We are delighted to have with us as distinguished plenary speakers:

Jennifer Tour Chayes,
Managing Director,
Microsoft Research New England & Microsoft Research New York City.

The Power of Locality for Network Algorithms

Abstract. Given the massive size of many networks, conventional algorithms which scale as polynomials in the network size are woefully inadequate. In the first part of this talk, we consider how to use locality to deliver much more efficient algorithms (quasi-linear or even sub-linear in the network size) for quantities and questions like pagerank, coverage, diffusion, and determining the most influential nodes. In the second part of this talk, we consider another aspect of locality, namely the question of local data access. Many large networks are encoded locally, e.g., with adjacency lists. How does the nature of the data access impact the efficiency of algorithms? Surprisingly, we show that small differences in data access can lead to very large differences in efficiency and approximability of network algorithms. As an example, we consider a covering problem which arises naturally for recruiters on social networks, and show how small differences between the information on neighbors in LinkedIn and Facebook lead to large differences in their utility to recruiters.

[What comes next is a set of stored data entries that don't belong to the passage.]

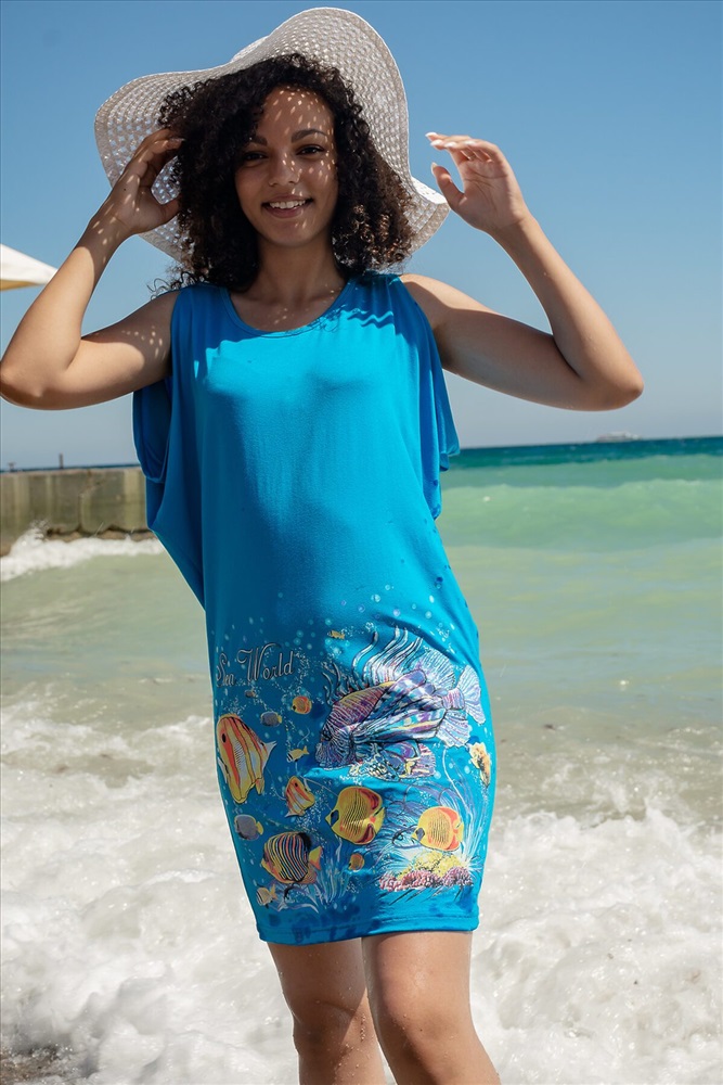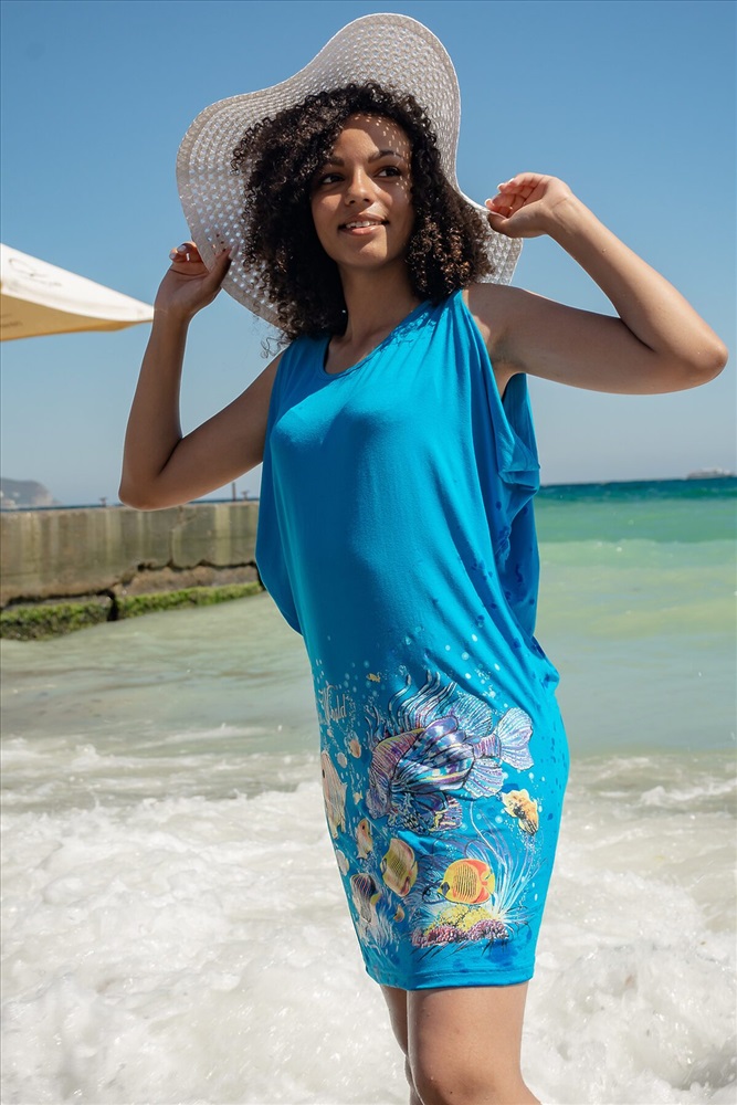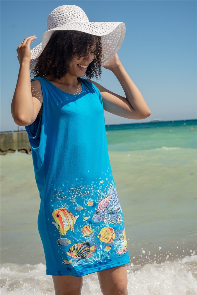 ID товара: 781320 Состав: 95% Вискоза, 5% Лайкра Сезон: Весна/Лето Длина: Мини Фасон: Полуприлегающий Рукав: Без рукавов Декоративные элементы: Печатный принт Основная ткань: Вискоза Стиль: Повседневный Страна бренда: Россия Страна производства: Россия Свободная туника из вискозы. Принт в виде тропических рыбок, длина до середины бедра, рукава отсутствуют Комментарии к товару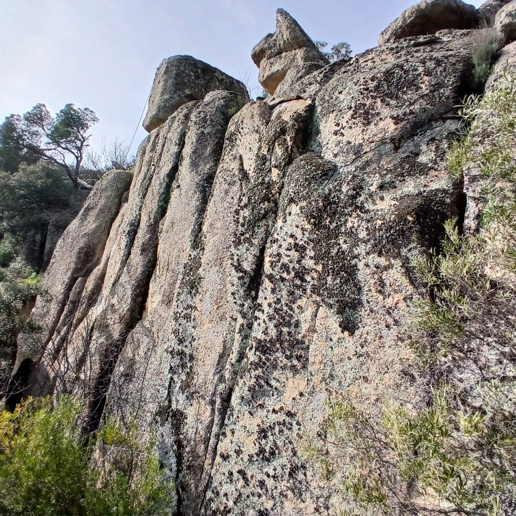 El sector FISURAS, está compuesto sobre de todo de fisuras de autoprotección. Es una pena que la gente no venga con sus juegos de seguros flotantes para repetirlas, porque, aunque no muy largas, son bonitas. Recomendable traer un cepillo y un sacafisureros para realizar limpieza previa, ya que, a penas se repiten.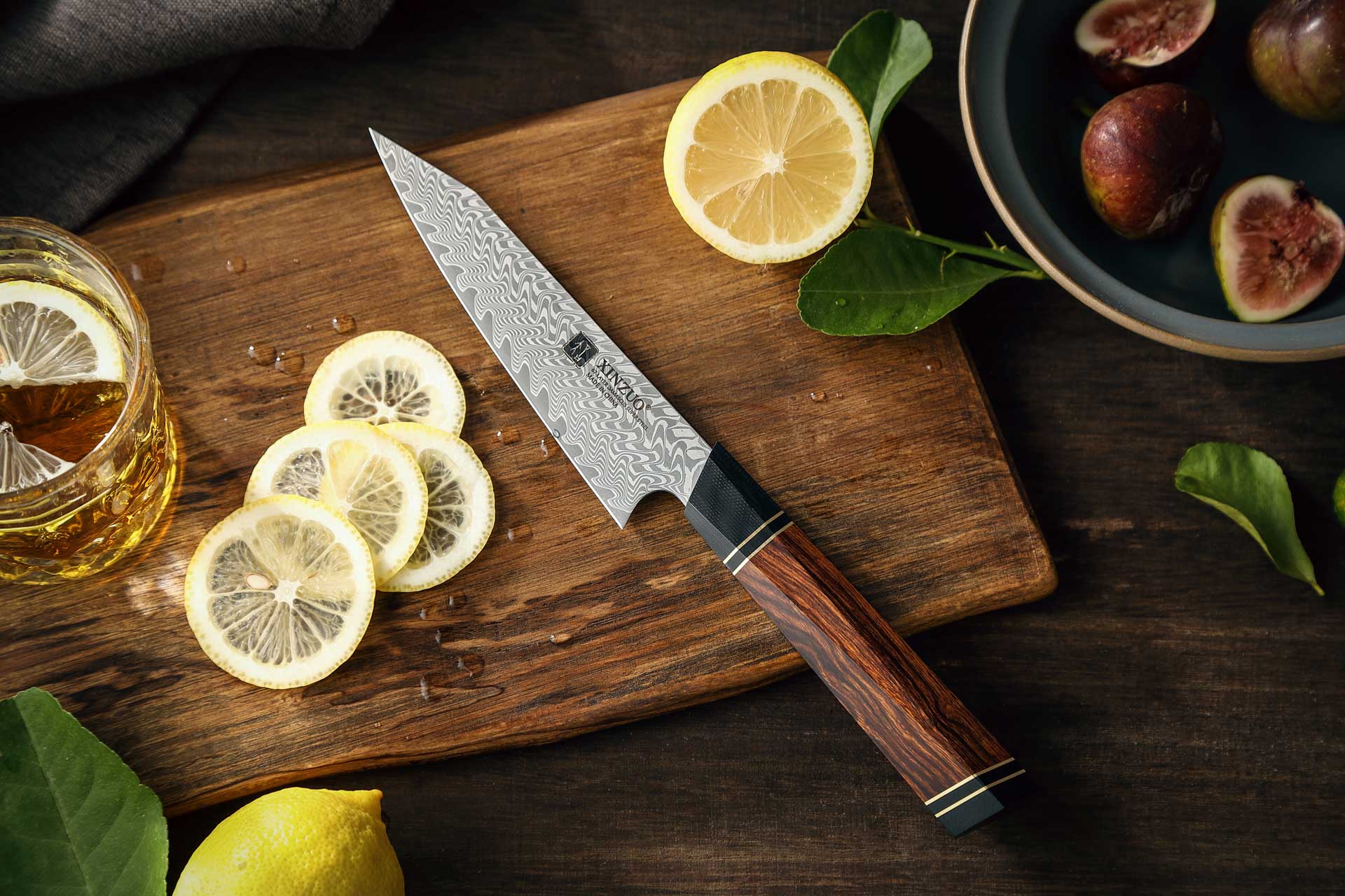 The handle is crafted from high-quality desert ironwood and black G10, which are hard, durable, non-slip and moisture-resistant. It is very light and comfortable and fits perfectly in your hand, making cutting easier and safer. The handle and blade have been carefully balanced to ensure optimal control and durability. The back of the knife is manually sanded and polished, which alleviates the pressure on your fingers.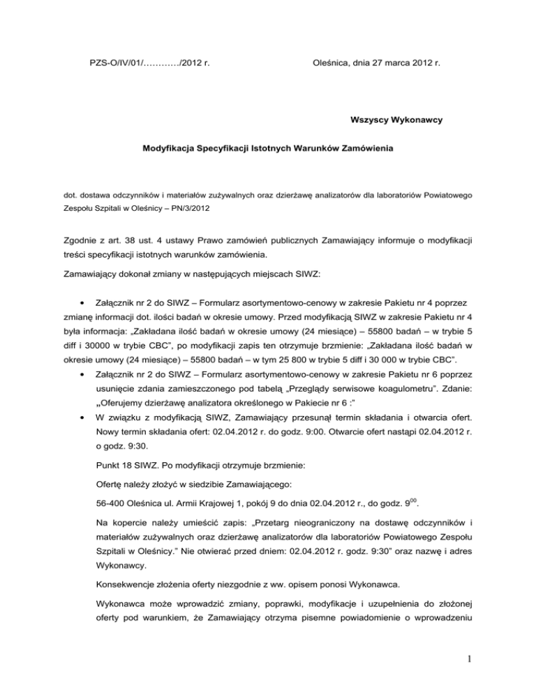PZS-O/IV/01/…………/2012 r. Oleśnica, dnia 27 marca 2012 r. Wszyscy Wykonawcy Modyfikacja Specyfikacji Istotnych Warunków Zamówienia dot. dostawa odczynników i materiałów zuŜywalnych oraz dzierŜawę analizatorów dla laboratoriów Powiatowego Zespołu Szpitali w Oleśnicy – PN/3/2012 Zgodnie z art. 38 ust. 4 ustawy Prawo zamówień publicznych Zamawiający informuje o modyfikacji treści specyfikacji istotnych warunków zamówienia. Zamawiający dokonał zmiany w następujących miejscach SIWZ: • Załącznik nr 2 do SIWZ – Formularz asortymentowo-cenowy w zakresie Pakietu nr 4 poprzez zmianę informacji dot. ilości badań w okresie umowy. Przed modyfikacją SIWZ w zakresie Pakietu nr 4 była informacja: „Zakładana ilość badań w okresie umowy (24 miesiące) – 55800 badań – w trybie 5 diff i 30000 w trybie CBC”, po modyfikacji zapis ten otrzymuje brzmienie: „Zakładana ilość badań w okresie umowy (24 miesiące) – 55800 badań – w tym 25 800 w trybie 5 diff i 30 000 w trybie CBC”. • Załącznik nr 2 do SIWZ – Formularz asortymentowo-cenowy w zakresie Pakietu nr 6 poprzez usunięcie zdania zamieszczonego pod tabelą „Przeglądy serwisowe koagulometru”. Zdanie: „Oferujemy dzierŜawę analizatora określonego w Pakiecie nr 6 :” • W związku z modyfikacją SIWZ, Zamawiający przesunął termin składania i otwarcia ofert. Nowy termin składania ofert: 02.04.2012 r. do godz. 9:00. Otwarcie ofert nastąpi 02.04.2012 r. o godz. 9:30. Punkt 18 SIWZ. Po modyfikacji otrzymuje brzmienie: Ofertę naleŜy złoŜyć w siedzibie Zamawiającego: 56-400 Oleśnica ul. Armii Krajowej 1, pokój 9 do dnia 02.04.2012 r., do godz. 900. Na kopercie naleŜy umieścić zapis: „Przetarg nieograniczony na dostawę odczynników i materiałów zuŜywalnych oraz dzierŜawę analizatorów dla laboratoriów Powiatowego Zespołu Szpitali w Oleśnicy.” Nie otwierać przed dniem: 02.04.2012 r. godz. 9:30” oraz nazwę i adres Wykonawcy. Konsekwencje złoŜenia oferty niezgodnie z ww. opisem ponosi Wykonawca. Wykonawca moŜe wprowadzić zmiany, poprawki, modyfikacje i uzupełnienia do złoŜonej oferty pod warunkiem, Ŝe Zamawiający otrzyma pisemne powiadomienie o wprowadzeniu 1 zmian, poprawek itp. przed terminem składania ofert. Powiadomienie o wprowadzeniu zmian, musi być złoŜone wg takich samych zasad, jak składana oferta z dopiskiem „ZMIANA”. Oferta złoŜona po terminie, zostanie zwrócona Wykonawcy. Wykonawca ma prawo przed upływem terminu składania ofert, wycofać się z postępowania, poprzez złoŜenie pisemnego powiadomienia (wg takich samych zasad jak wprowadzenie zmian i poprawek) z napisem „WYCOFANIE”. Koperty oznakowane w ten sposób, będą otwierane w pierwszej kolejności. Koperty oznakowane dopiskiem „ZMIANA”, zostaną otwarte przy otwieraniu oferty Wykonawcy, który wprowadził zmiany i po stwierdzeniu poprawności procedury dokonania zmian, zostaną dołączone do oferty. KaŜda zapisana strona zmiany lub wycofania oferty musi być podpisana przez osobę uprawnioną do reprezentowania Wykonawcy. • Punkt 19 SIWZ po modyfikacji otrzymuje brzmienie: Otwarcie ofert nastąpi dnia 02.04.2012r. o godz. 9:30 w siedzibie Zamawiającego w Powiatowym Zespole Szpitali z siedzibą w Oleśnicy ul. Armii Krajowej 1, pok. 14 piętro IV. Wykonawcy mogą być obecni przy otwieraniu ofert. Po modyfikacji Załącznik nr 2 do SIWZ w zakresie Pakietu nr 4 oraz Pakietu nr 6 otrzymuje brzmienie: 2 Nazwa Nazwa/ nr katalogowy Ilość opakowań na 24 miesiące Wielkość opakowania Cena jednostkowa brutto za opakowanie RAZEM: VAT (%) Wartość brutto 3 .............................................................. /podpis osoby upoważnionej do reprezentowania firmy/ Łączna wartość oferty w zakresie Pakietu nr 4 (odczynniki + materiały zużywalne + dzierżawa dwóch analizatorów) wynosi: ............................ zł. brutto Miesięczna rata dzierżawy za jeden analizator wynosi: ....................... zł. brutto, VAT 23% Oferujemy dzierżawę analizatora określonego w Pakiecie nr 4 : Wykonawca oświadcza, że wskazany w formularzu asortyment jest wystarczający dla prawidłowego wykonania w/w ilości oznaczeń. W przypadku nieuwzględnienia asortymentu potrzebnego do wykonania w/w ilości oznaczeń Wykonawca zobowiązuje się do bezpłatnego zapewnienia tego asortymentu Zamawiającemu. Wykonawca pokrywa koszt zakupu i transportu towaru do zamawiającego. 4. 3. 2. 1. L.p. 1. Odczynniki i materiały zużywalne Zakładana ilość badań w okresie umowy (24 miesiące) – 55800 badań – w tym 25 800 w trybie 5 diff i 30 000 w trybie CBC Pakiet nr 4 - Dostawa odczynników i materiałów zużywalnych do badań hematologicznych wraz z dzierżawą dwóch analizatorów 5 diff W trybie CBC oszczędność odczynników Liniowość: RBC min do 7 M/ul.; WBC min do 250 K/ul.; PLT min do 2000 K/ul.; HGB min do 25 g/dl Możliwość oceny niedojrzałych granulocytów jako odrębnej populacji wyrażonej w wartościach bezwzględnych i procentach 11 13. 12. Odczynniki bezcyjankowe 10. L.p. Warunki graniczne 1. Analizator z rozdziałem krwinek białych – 5 diff 2. Ilość raportowanych parametrów hematologicznych – minimum 24 Parametry mierzone: - erytrocyty - hemoglobina - trombocyty - leukocyty Różnicowanie leukocytów: - neurocyty - limfocyty - monocyty - eozyno file 3. - bazofile 4. Ocena całkowitej liczby WBC metodą optyczną 5. Dowolność trybu oznaczenia dla każdej próbki (CBC lub CBC + DIFF) Różnicowanie WBC na 5 populacji przy użyciu cystometrii przepływowej z wykorzystaniem światła laserowego 6. 7. Objętość aspirowanej próbki do 150 ul. (w obu trybach – CBC i CBC – DIFF) 8. Wydajność ok. 60 oznaczeń/godzinę 9. Maksymalna liczba reagentów (wraz z odczynnikiem odbiałczającym) – 5 Warunki graniczne dot. Pakietu nr 4 Spełnia* Karta spełniania warunków przedmiotu zamówienia Nie spełnia* 4 * wpisać odpowiednio

(Shortened) Biography. Jennifer Tour Chayes is Distinguished Scientist, Managing Director and Cofounder of Microsoft Research New England and Microsoft Research New York City. Before joining Microsoft in 1997, Chayes was for many years Professor of Mathematics at UCLA. Chayes is the author of over 125 academic papers and the inventor of over 30 patents. Her research areas include phase transitions in discrete mathematics and computer science, structural and dynamical properties of self-engineered networks, graph theory, graph algorithms, algorithmic game theory, and computational biology.

Chayes holds a BA in biology and physics from Wesleyan, where she graduated first in her class, and a PhD in mathematical physics from Princeton. She did postdoctoral work in the Mathematics and Physics Departments at Harvard and Cornell. She is the recipient of an NSF Postdoctoral Fellowship, a Sloan Fellowship, the UCLA Distinguished Teaching Award, and the ABI Women of Leadership Vision Award. She has twice been a member of the IAS in Princeton. Chayes is a Fellow of the American Association for the Advancement of Science, the Fields Institute, the Association for Computing Machinery, and the American Mathematical Society, and an Elected Member of the American Academy of Arts and Sciences.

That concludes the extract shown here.